Having withstood the Great Kanto Earthquake of 1923 with no casualties, and bounced back into service just two days after a 1945 firebomb destroyed its two domes and top floor, the red-brick building faced what may have been its greatest threat in the postwar years, when it was an oft-debated target for the wrecking ball amid shortsighted development schemes. Thankfully the structure prevailed, leaving this capital with a distinguished piece of its architectural legacy intact. Far from a mere transit point, today it's an attraction in its own right, with a mind-boggling array of food and shopping options located within the ticket gates. One can only imagine what the next 100 years will bring.

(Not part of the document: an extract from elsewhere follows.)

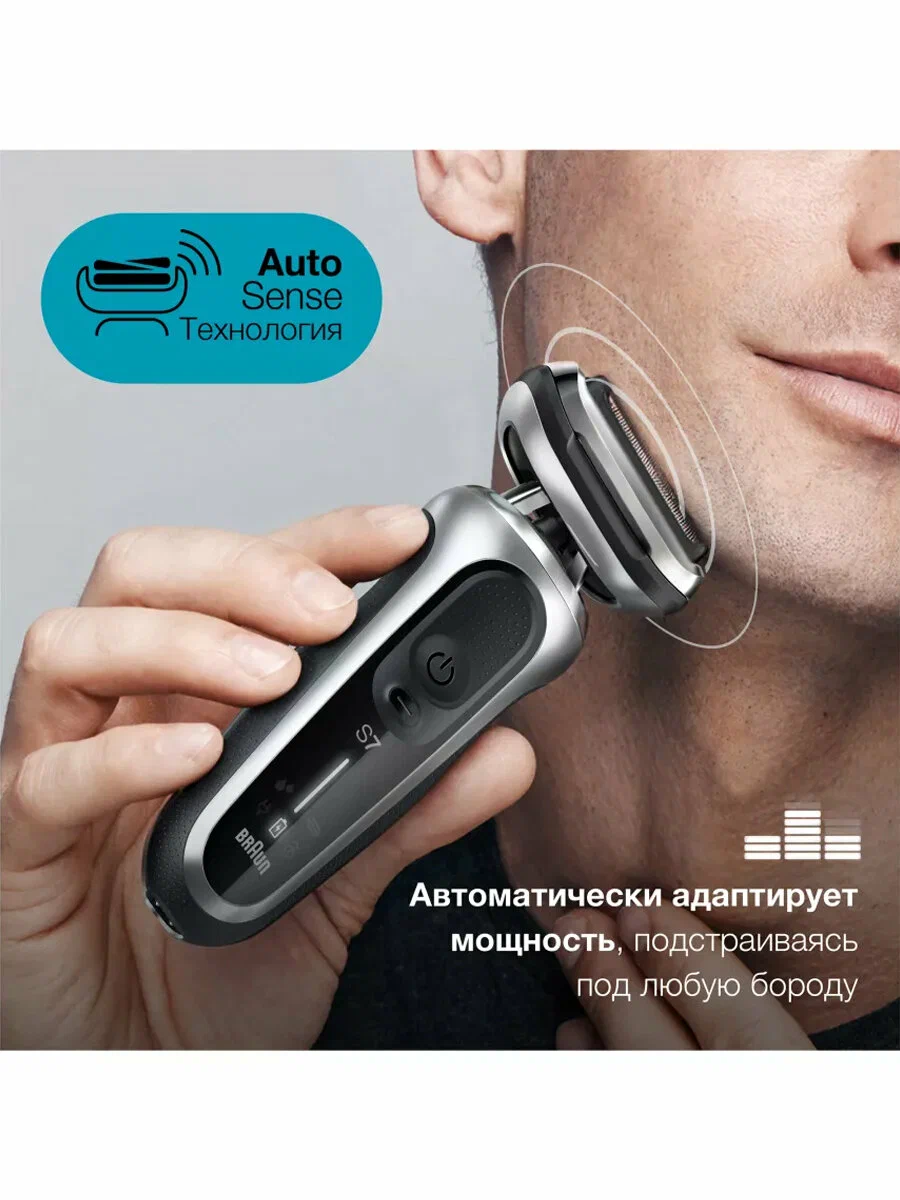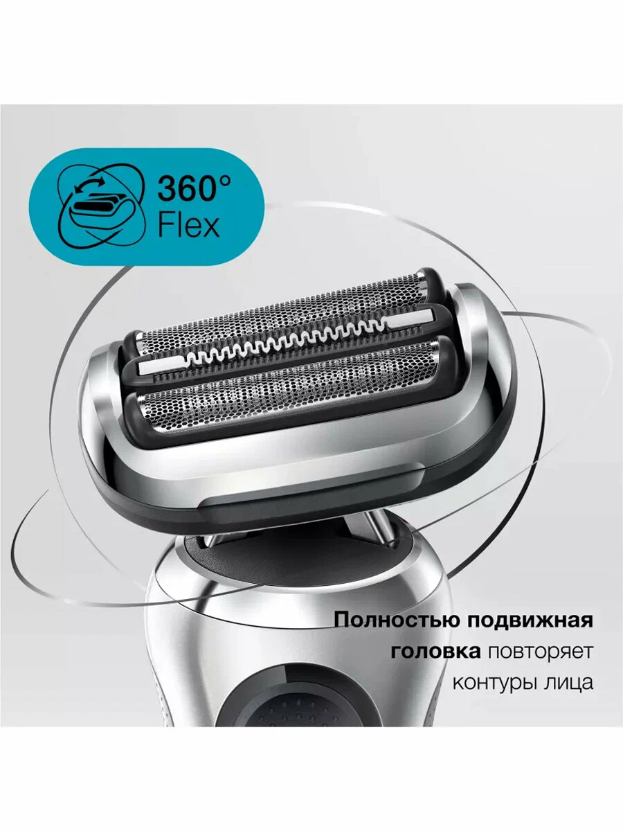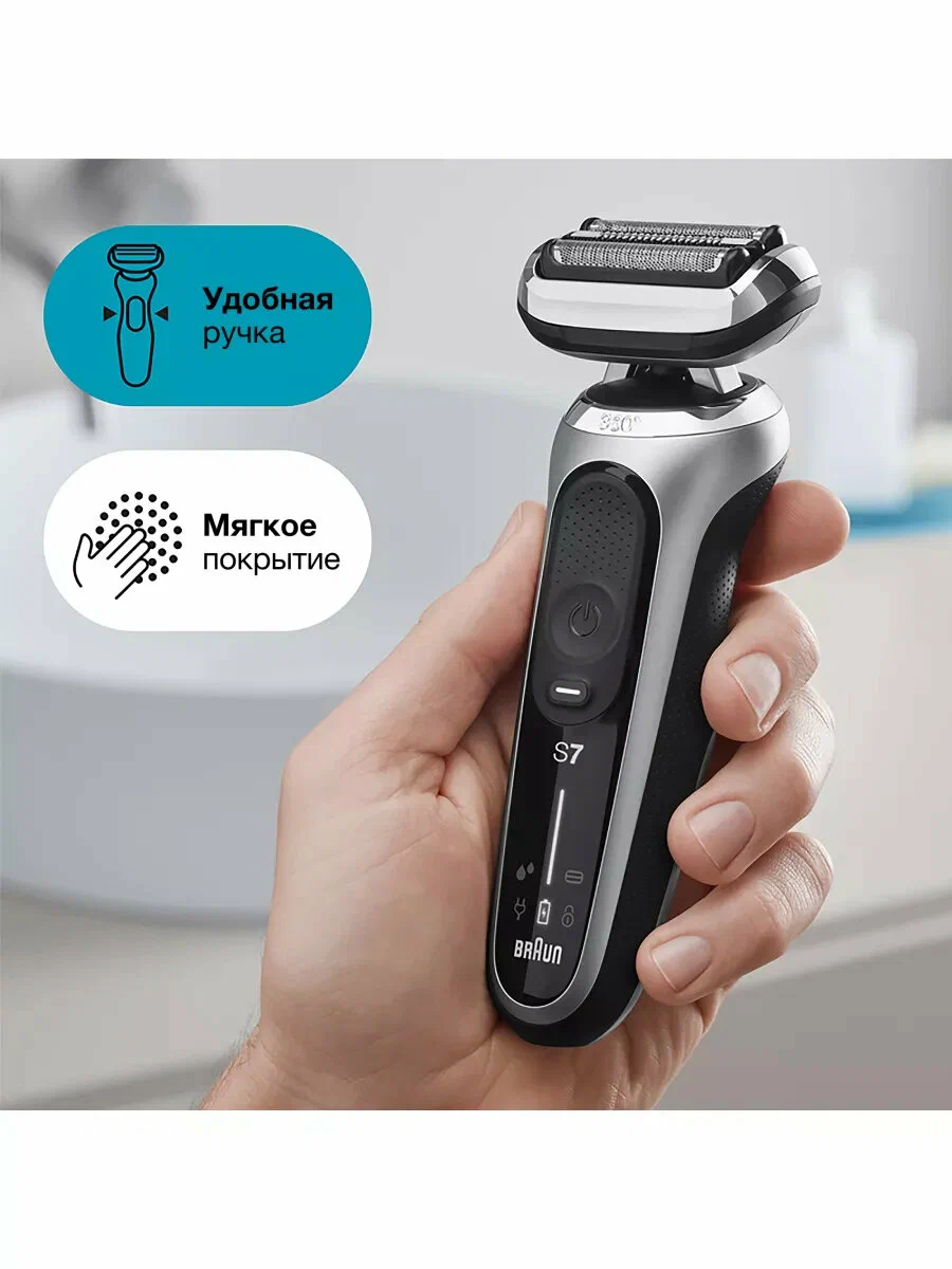 Режущий блок 73S; Индикация включения; Промывка ножей под водой; Повторение контуров лица; Использование в душе; Прорезиненное покрытие корпуса; Светодиодный дисплей; Насадок - 1 шт.

Sights of Tokyo: The Foreground of Tokyo Station, 1920, lithograph, Tokyo Station Gallery |
Hardcore rail enthusiasts and history buffs should take note of two concurrent shows marking the centennial. The Railway Museum in Saitama looks in depth at the urban planning that led to Tokyo Station's creation, introducing the engineers, architects, and builders behind the project. And the Railway History Exhibition Hall, Old Shimbashi Station, examines how shopping, daytrips, and other early-Taisho entertainments boomed upon Tokyo Station's opening in 1914. (Some things never change!) These exhibitions run through February 16 and March 22 respectively.
Photographs are published by permission of Tokyo Station Gallery and East Japan Railway Company.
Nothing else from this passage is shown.